Only the lines from the one containing "La información fue" through the last line of the material should be copied, exactly as written and without pictures.

_DATASET RECORDS_
>>>

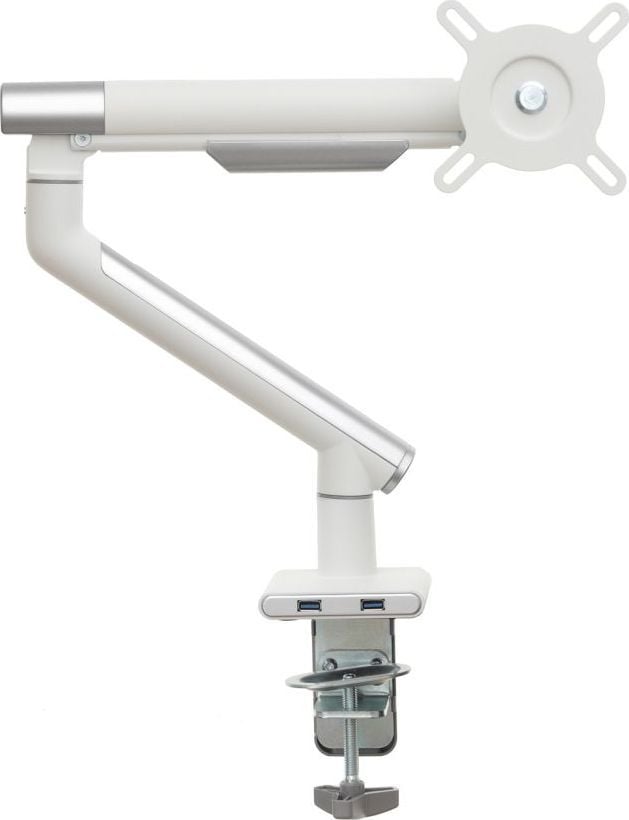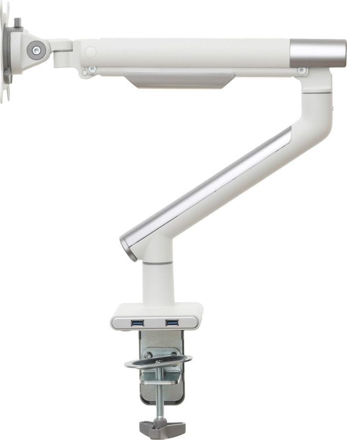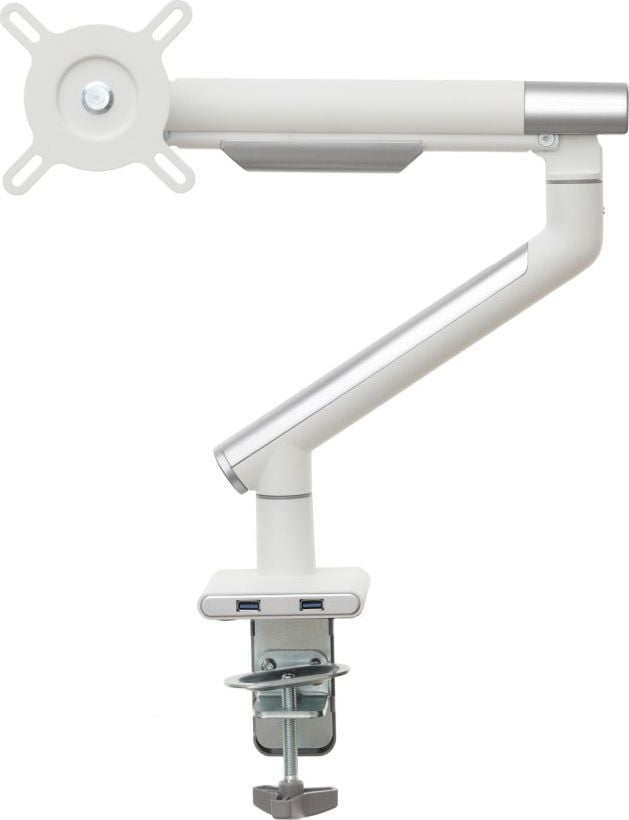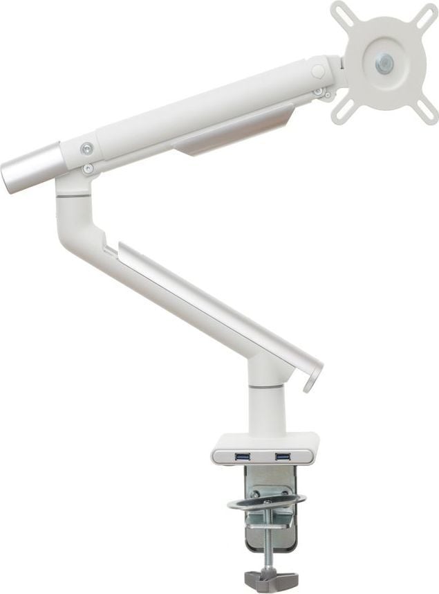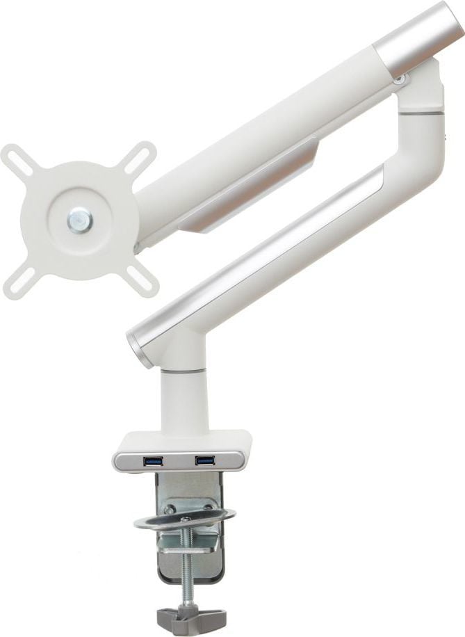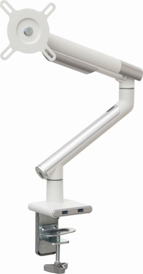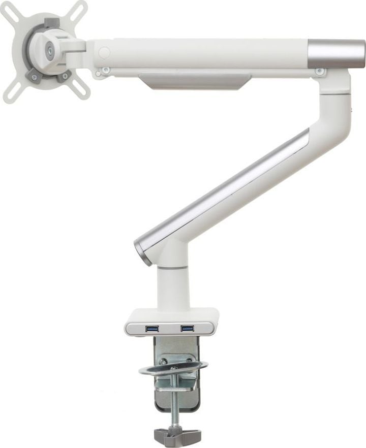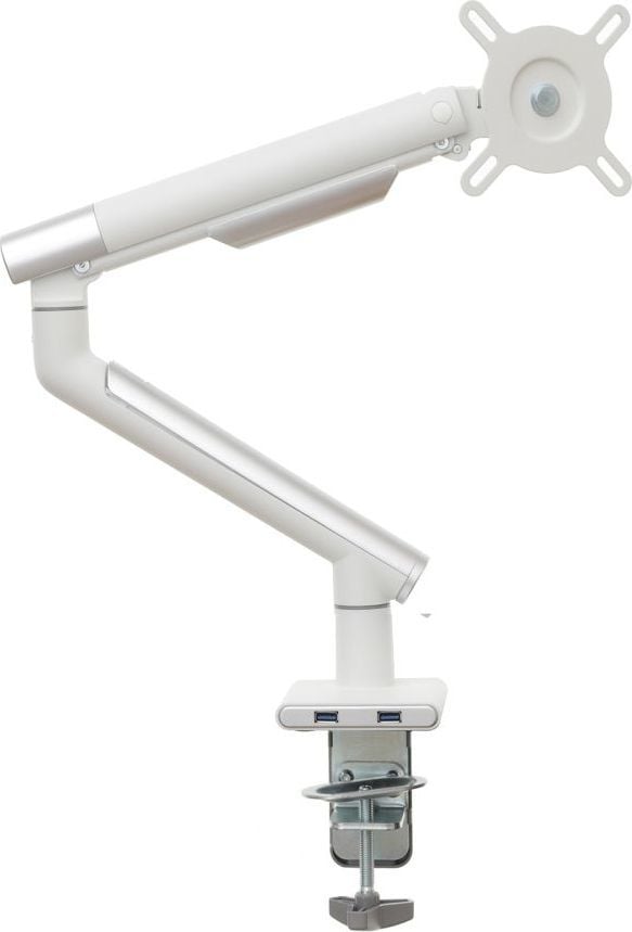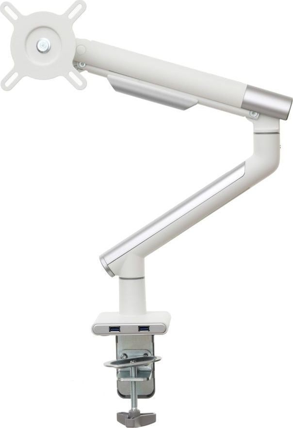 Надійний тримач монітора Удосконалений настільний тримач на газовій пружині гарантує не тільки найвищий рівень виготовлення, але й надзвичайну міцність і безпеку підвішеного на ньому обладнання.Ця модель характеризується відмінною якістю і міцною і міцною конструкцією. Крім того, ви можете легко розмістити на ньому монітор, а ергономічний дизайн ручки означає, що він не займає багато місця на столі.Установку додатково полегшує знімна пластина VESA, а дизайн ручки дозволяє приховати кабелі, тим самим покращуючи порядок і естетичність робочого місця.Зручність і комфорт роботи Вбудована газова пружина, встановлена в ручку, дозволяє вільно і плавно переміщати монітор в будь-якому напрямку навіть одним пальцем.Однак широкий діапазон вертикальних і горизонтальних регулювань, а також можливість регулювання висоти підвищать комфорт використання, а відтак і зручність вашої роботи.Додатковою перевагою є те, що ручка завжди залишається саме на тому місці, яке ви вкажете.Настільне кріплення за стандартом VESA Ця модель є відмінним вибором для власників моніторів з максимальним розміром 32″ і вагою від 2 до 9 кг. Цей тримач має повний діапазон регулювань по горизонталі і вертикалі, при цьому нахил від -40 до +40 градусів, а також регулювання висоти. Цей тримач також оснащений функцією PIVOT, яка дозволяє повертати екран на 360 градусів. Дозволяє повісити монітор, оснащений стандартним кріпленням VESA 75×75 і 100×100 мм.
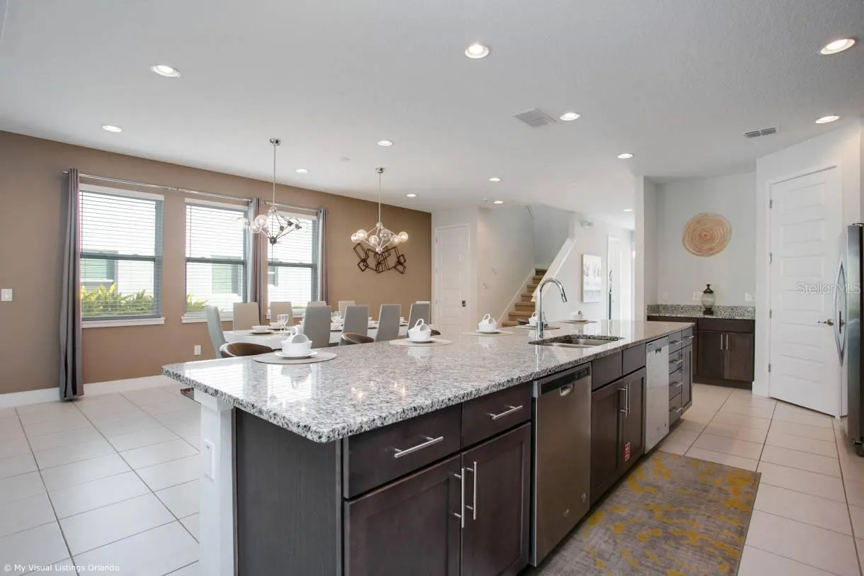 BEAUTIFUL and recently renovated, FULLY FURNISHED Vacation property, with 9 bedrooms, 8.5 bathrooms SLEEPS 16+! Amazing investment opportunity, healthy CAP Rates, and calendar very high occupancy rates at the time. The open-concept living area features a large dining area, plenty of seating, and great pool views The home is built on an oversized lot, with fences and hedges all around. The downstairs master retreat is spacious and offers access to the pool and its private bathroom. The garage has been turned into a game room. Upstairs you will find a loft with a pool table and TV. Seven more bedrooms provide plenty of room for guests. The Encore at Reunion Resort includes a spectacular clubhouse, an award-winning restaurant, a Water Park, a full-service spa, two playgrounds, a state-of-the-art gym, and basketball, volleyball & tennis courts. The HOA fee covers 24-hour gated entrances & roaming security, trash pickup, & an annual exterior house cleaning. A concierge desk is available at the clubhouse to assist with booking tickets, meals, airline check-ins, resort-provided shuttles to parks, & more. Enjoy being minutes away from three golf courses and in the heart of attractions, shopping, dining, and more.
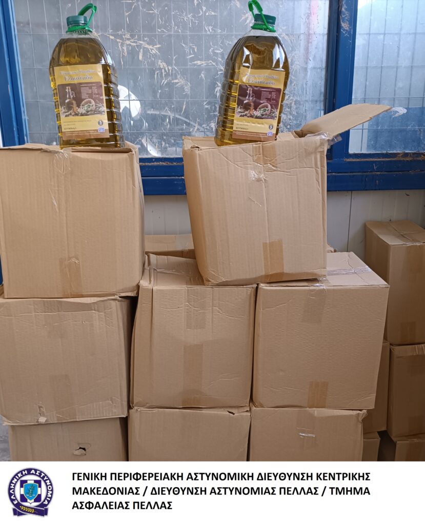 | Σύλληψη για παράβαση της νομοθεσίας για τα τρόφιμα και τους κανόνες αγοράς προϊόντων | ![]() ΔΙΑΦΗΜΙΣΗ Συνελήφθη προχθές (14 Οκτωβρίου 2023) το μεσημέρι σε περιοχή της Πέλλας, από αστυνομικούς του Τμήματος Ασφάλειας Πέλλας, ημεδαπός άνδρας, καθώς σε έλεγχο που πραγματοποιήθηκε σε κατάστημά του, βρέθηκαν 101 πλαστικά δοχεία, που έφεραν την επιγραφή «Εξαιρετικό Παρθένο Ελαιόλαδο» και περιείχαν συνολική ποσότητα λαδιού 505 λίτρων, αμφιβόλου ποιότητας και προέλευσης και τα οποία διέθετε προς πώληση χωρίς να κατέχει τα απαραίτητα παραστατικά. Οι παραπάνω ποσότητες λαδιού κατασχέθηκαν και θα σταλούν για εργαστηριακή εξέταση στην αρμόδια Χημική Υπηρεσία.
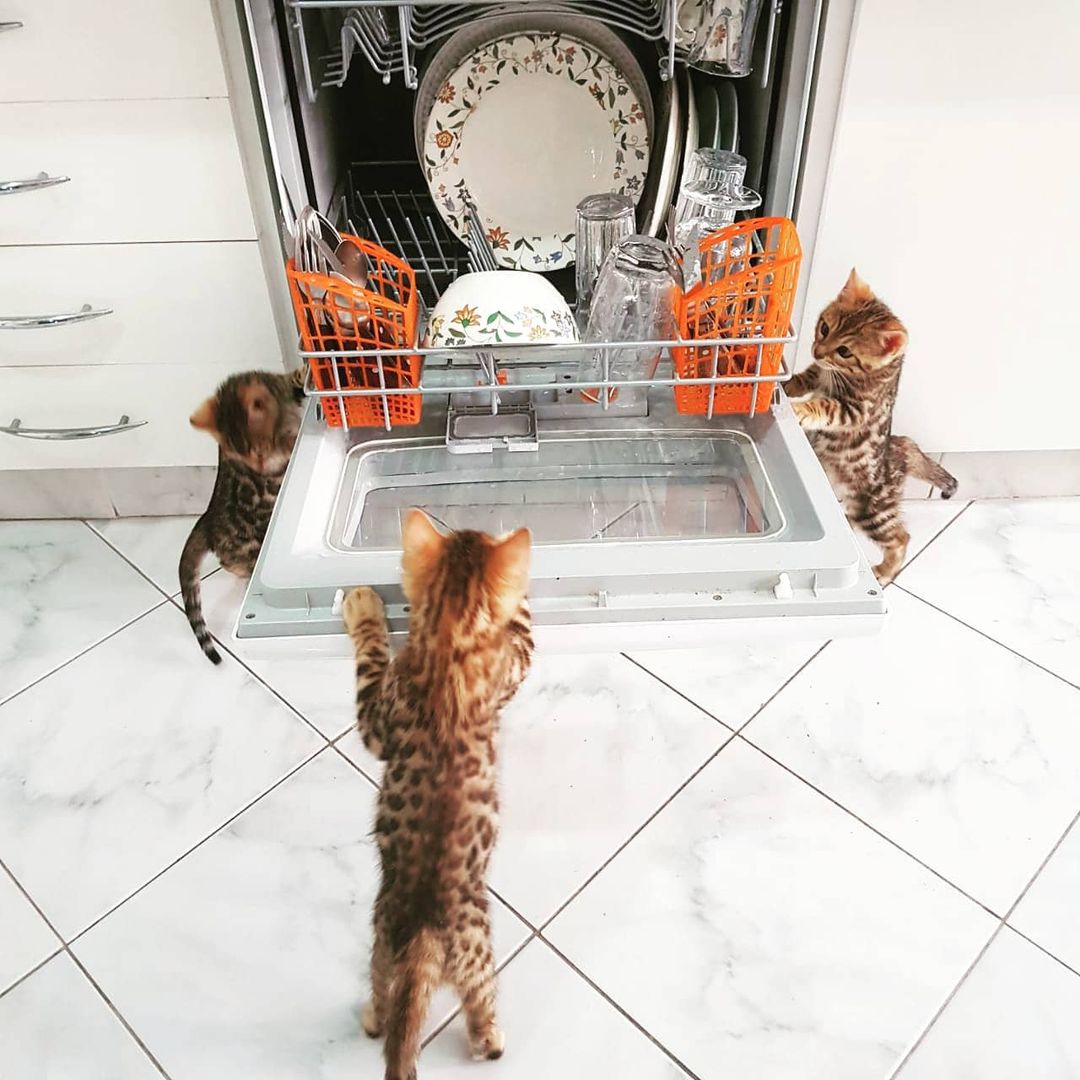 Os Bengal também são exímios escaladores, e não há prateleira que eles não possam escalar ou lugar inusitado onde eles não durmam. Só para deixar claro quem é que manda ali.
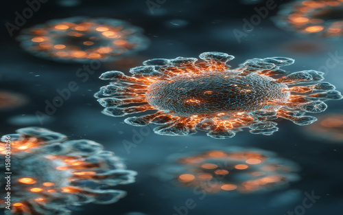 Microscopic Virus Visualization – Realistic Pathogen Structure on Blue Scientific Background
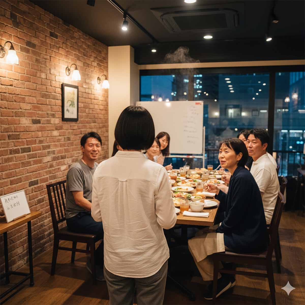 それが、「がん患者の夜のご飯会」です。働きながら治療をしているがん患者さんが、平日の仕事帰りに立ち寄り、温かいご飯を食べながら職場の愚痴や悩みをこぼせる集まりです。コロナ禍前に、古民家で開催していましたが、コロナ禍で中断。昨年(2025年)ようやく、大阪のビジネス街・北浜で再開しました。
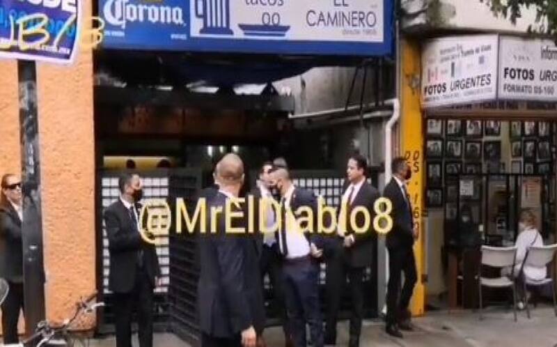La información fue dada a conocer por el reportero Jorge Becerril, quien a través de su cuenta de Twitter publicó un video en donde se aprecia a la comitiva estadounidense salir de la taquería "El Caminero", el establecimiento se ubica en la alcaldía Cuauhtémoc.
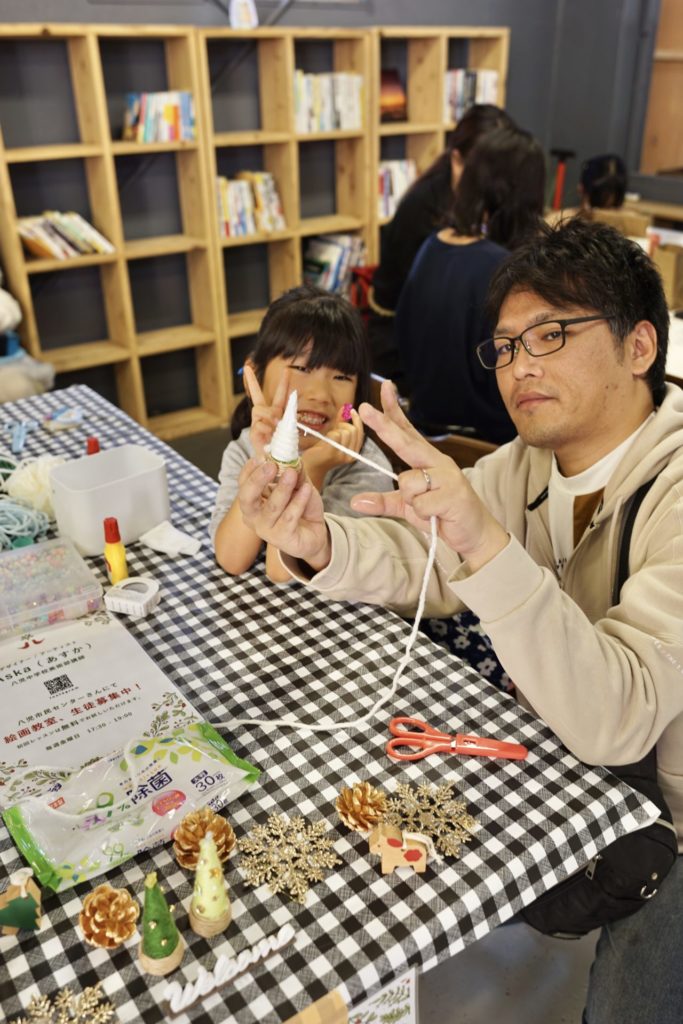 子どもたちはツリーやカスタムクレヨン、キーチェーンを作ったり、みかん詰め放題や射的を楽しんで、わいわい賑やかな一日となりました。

<<<

_ANSWER TO THIS TASK_
La información fue dada a conocer por el reportero Jorge Becerril, quien a través de su cuenta de Twitter publicó un video en donde se aprecia a la comitiva estadounidense salir de la taquería "El Caminero", el establecimiento se ubica en la alcaldía Cuauhtémoc.
 子どもたちはツリーやカスタムクレヨン、キーチェーンを作ったり、みかん詰め放題や射的を楽しんで、わいわい賑やかな一日となりました。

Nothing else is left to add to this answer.